In Germany it is forbidden to euthanize animals for lack of resources or will
to keep it. People often have to pay shelters to take their animals, and if
they just abandon them somewhere, they may get fined or even prosecuted.

In general, Germans tend to ask shelters first, when trying to acquire a dog,
cats also. It has gotten so far that shelters have more applicants than dogs
they can give them, and the dogs which stay in shelters are not suited to an
average dog owner (behavior, size, medical issues). We even import thousands
of street/shelter dogs from all over Europe.
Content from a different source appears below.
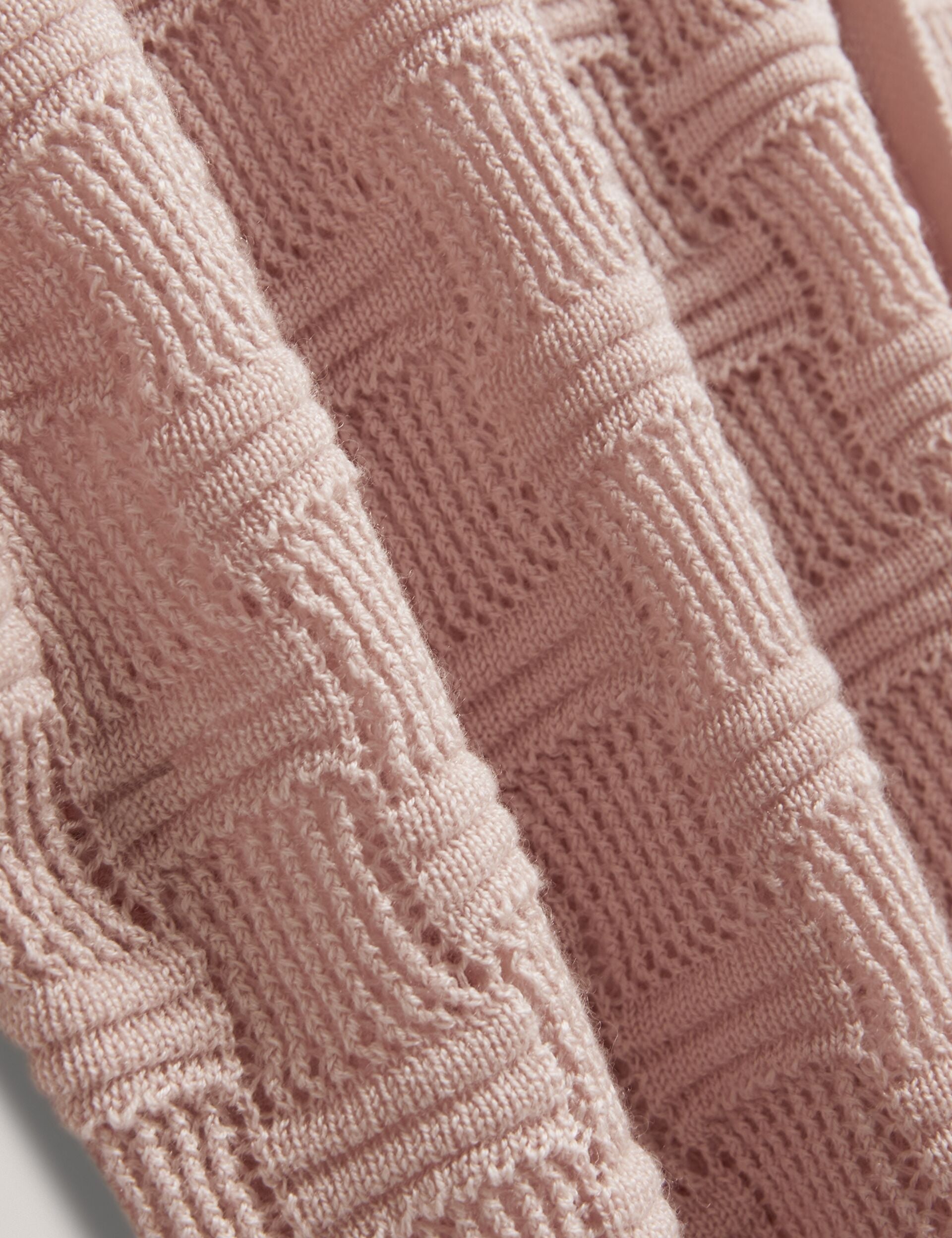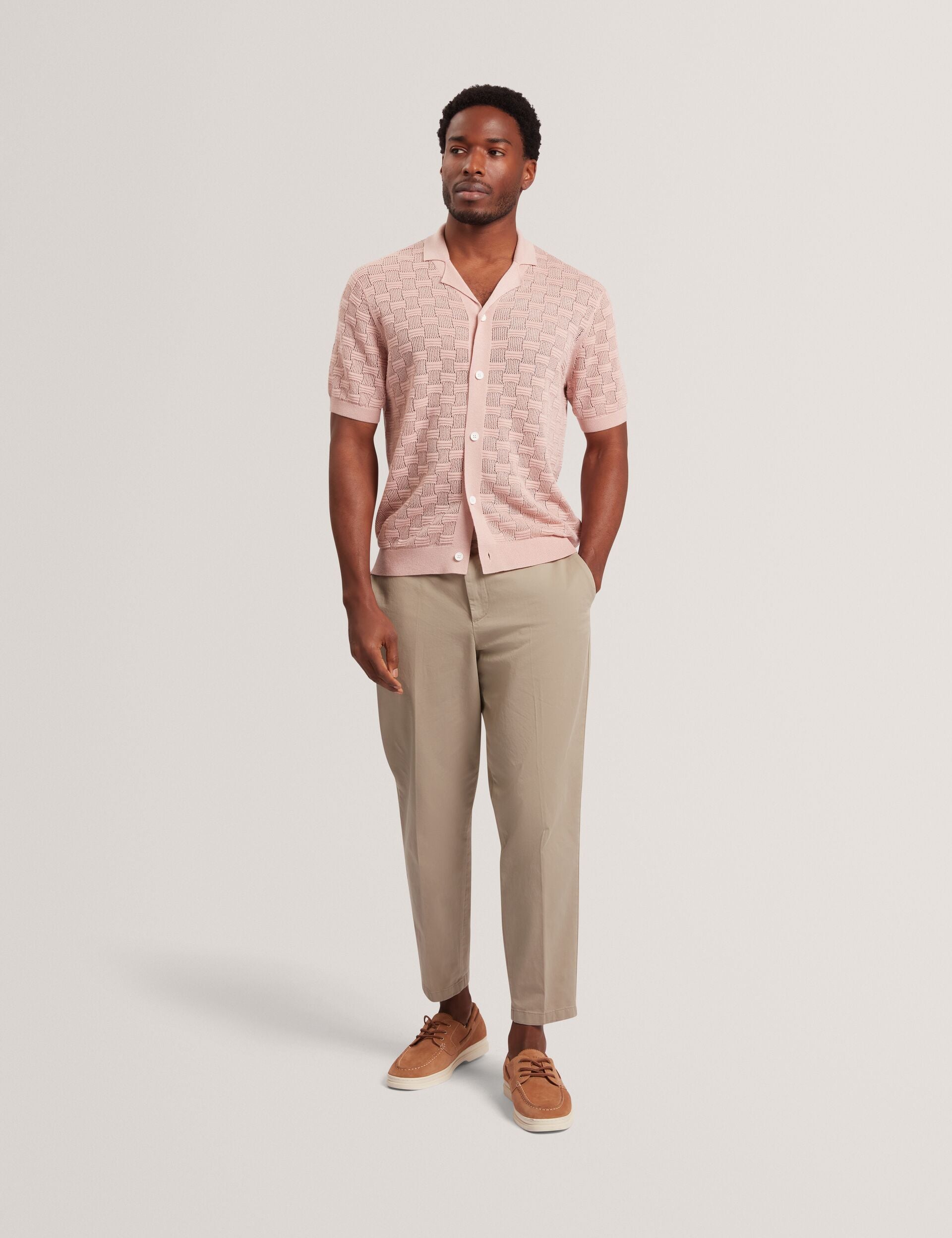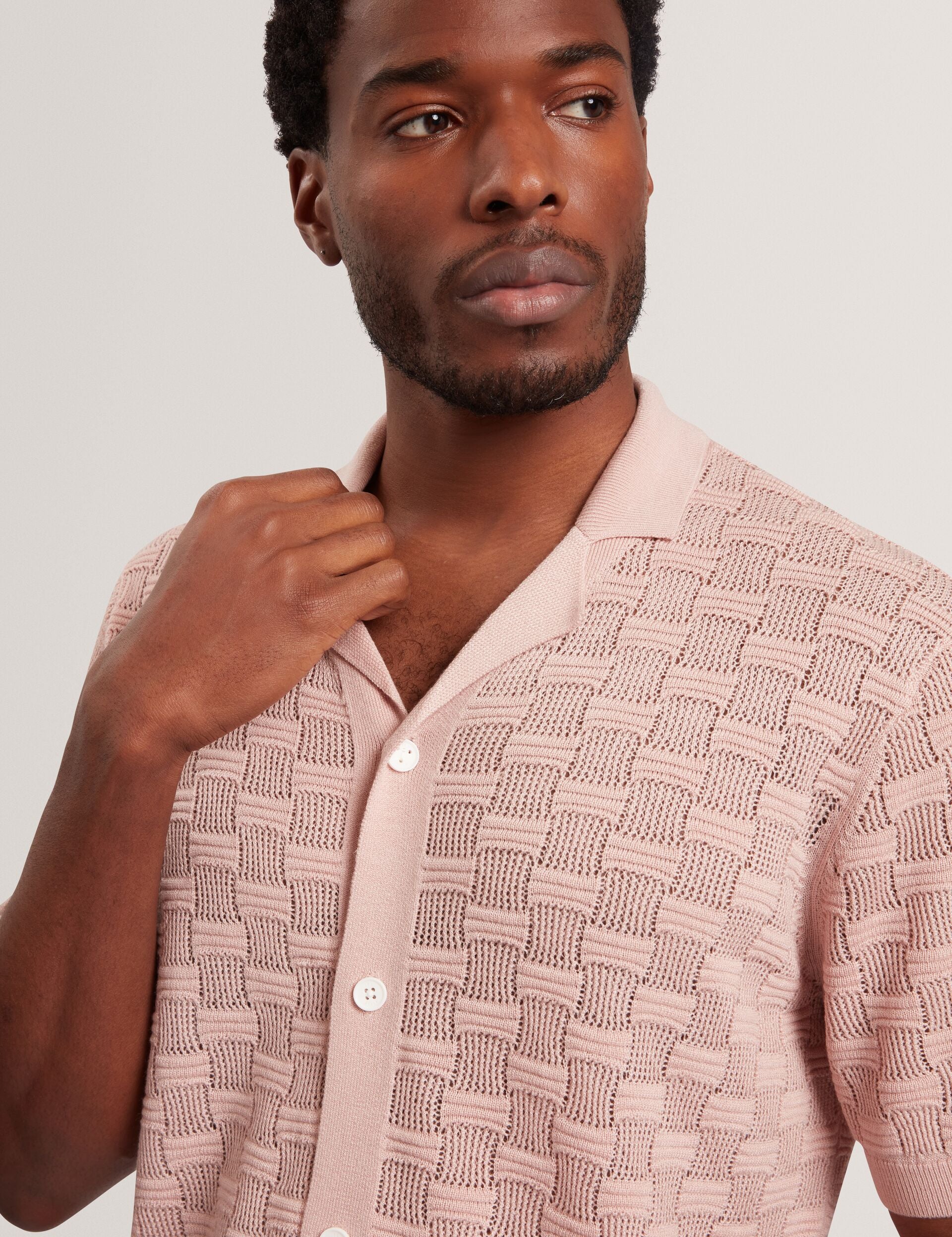 Crafted from a breathable wool blend knit with a luxe touch of silk, the ROWWANN short sleeve shirt is designed with a unique basketweave texture in a soft shade of pink that instantly uplifts any outfit.

Cats unfortunately are too plentiful. There are always some feral/semi-feral
populations who haven't been neutered. Shelters keep them, but they will often
stay all their life there.

And of course, not all of the US is comparable to Germany in many regards. In
Germany there aren't a lot of sparsely populated areas, and the animal
protection laws are a lot tougher.

------
rurban
Overview:
[https://en.m.wikipedia.org/wiki/Onychectomy](https://en.m.wikipedia.org/wiki/Onychectomy)

Outlawed in most countries, animal cruelty.

------
alexmlamb
It's not exactly a quick fix, but how many generations would it take to breed
cats with substantially softer claws? This could be an interesting program
perhaps for the government to undertake.

I also wonder if crispr or embryo selection could be used if a GWAS could find
genes that lead to softer claws.

The selection techniques have been used to improve milk yields for cows, so it
seems like making cats which don't need to be declawed would be a valid
project.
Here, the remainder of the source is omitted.